Job se­cu­rity also ap­pears to be im­prov­ing. The busi­ness ser­vices sec­tor — which em­braces ev­ery­thing from lawyers to ac­coun­tants to engi­neers — added 40,000 work­ers, even though the num­ber of tem­po­rary em­ploy­ees on short­term con­tracts fell 8,900.

Lower ga­so­line and oil prices have yet to pro­vide the kind of boost they have in the past. Energy com­pa­nies re­sponded to oil of less than US$50 a bar­rel by cut­ting or­ders for equip­ment and pipe­lines, caus­ing many man­u­fac­tur­ers to slow their hir­ing. And in­stead of spend­ing their sav­ings at the ga­so­line pump, con­sumers have mostly pock­eted the ad­di­tional cash.

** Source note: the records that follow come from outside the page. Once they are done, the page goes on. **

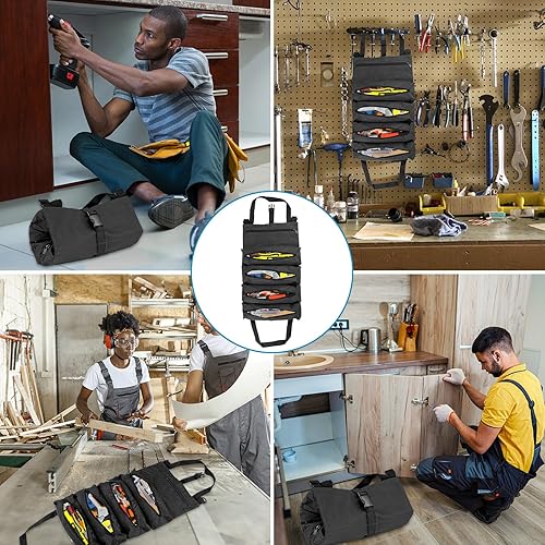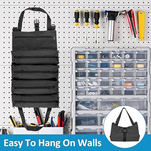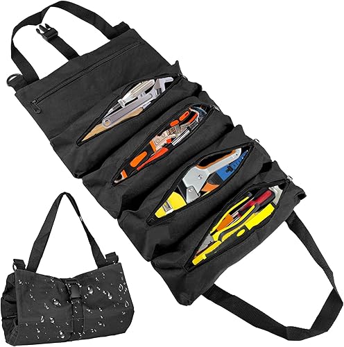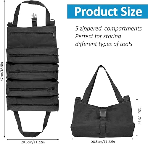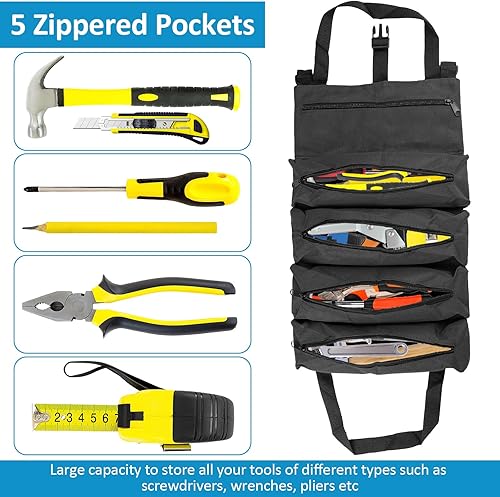 Werkzeug Rolltasche, Werkzeugtasche Klein, Werkzeugtasche Leer, Werkzeugrolle mit 5 Reißverschlusstaschen, Canvas Schraubenschlüssel Werkzeugtasche für Elektriker Klempner Handwerker-Grün
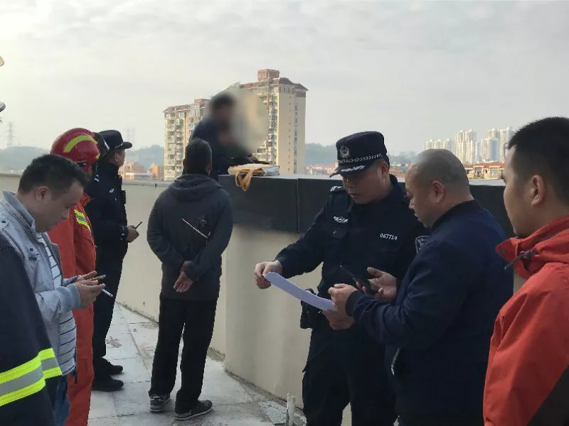 驚險!深圳橫崗一男子抱孩子爬上四樓平臺邊緣,他想干嘛?
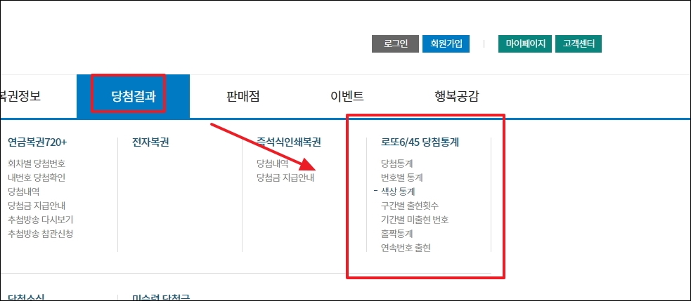 이번에는 통계 자료 이용하는 방법을 알려드리겠습니다. 메뉴에서 [당첨결과]를 클릭한 후 맨 우측 상단에 있는 [로또6/45 당첨통계]를 클릭합니다.
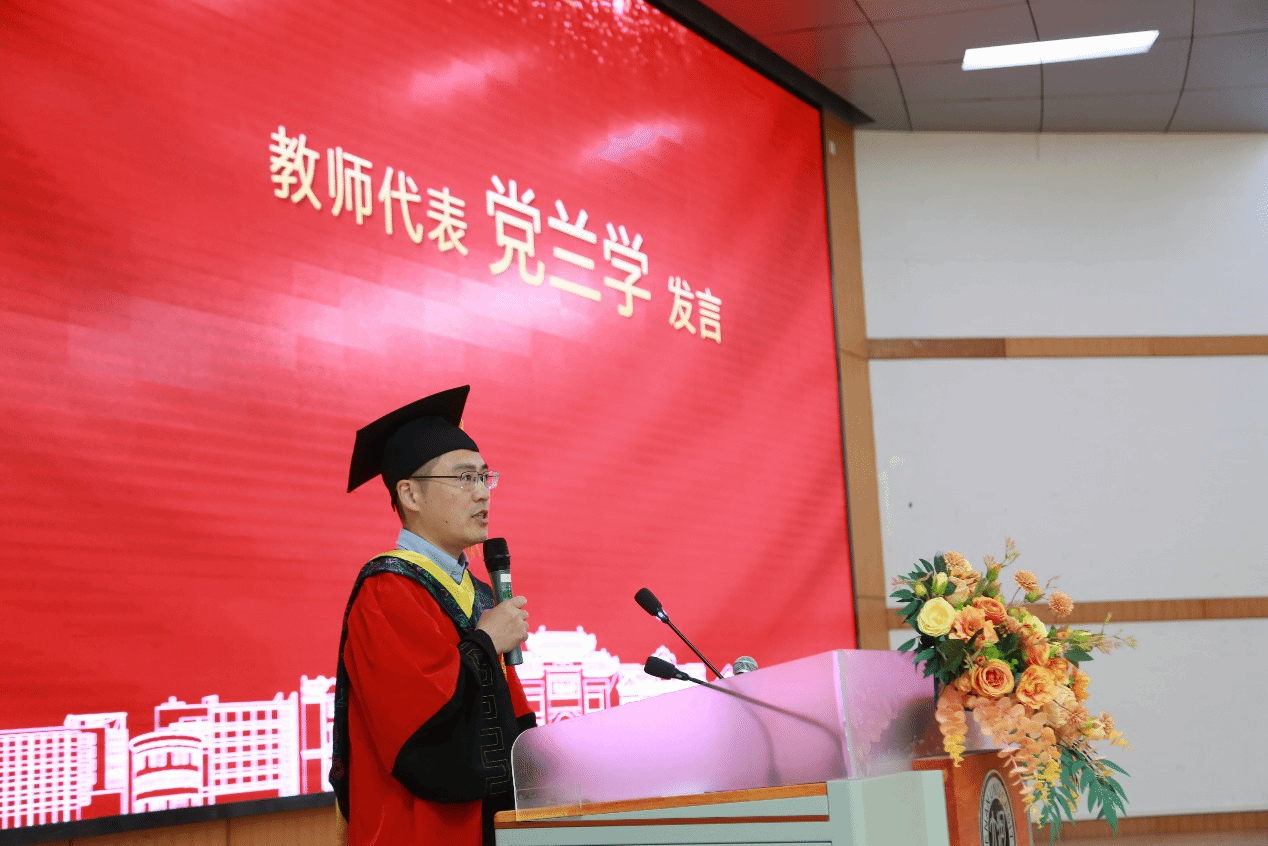 教师代表党兰学代表学院全体老师寄语毕业生三种核心能力:终身学习的续航力、独立破局的创造力、直面未知的自信力,将是你们应对技术变革的利器。真正的成功,在于超越昨天的自己。并祝福同学们前程似锦、鹏程万里!

The strong U.S. dol­lar has also weighed on eco­nomic growth. It has risen about 14 per­cent in value against over­seas cur­ren­cies in the past year, thereby cut­ting into ex­ports by mak­ing U.S. goods costlier over­seas

Fall­ing un­em­ploy­ment usu­ally re­duces the num­ber of peo­ple avail­able to hire, which then forces em­ploy­ers to boost wages. But many frus­trated job seek­ers have stopped look­ing for work, per­haps only tem­po­rar­ily. This has made it hard to as­sess just how healthy the job mar­ket is and when pay might rise at a faster rate.

Roughly 8.3 mil­lion Amer­i­cans are still look­ing for jobs. An ad­di­tional 14.4 mil­lion peo­ple have left the job mar­ket — ei­ther aban­don­ing their job searches or choos­ing to re­tire — since the re­ces­sion of­fi­cially be­gan in late 2007. The re­sult is that the share of adults work­ing has fallen to 59.3 per­cent from 62.7 per­cent eight years ago.

One chal­lenge is that work­ers have be­come less pro­duc­tive for each hour worked. This lim­its the will­ing­ness and abil­ity of many com­pa­nies to raise pay sig­nif­i­cantly, which can then pre­vent peo­ple side­lined by the re­ces­sion from re­turn­ing to the job mar­ket.

Pro­duc­tiv­ity fell at a 3.1 per­cent an­nual rate in the first three months of 2015.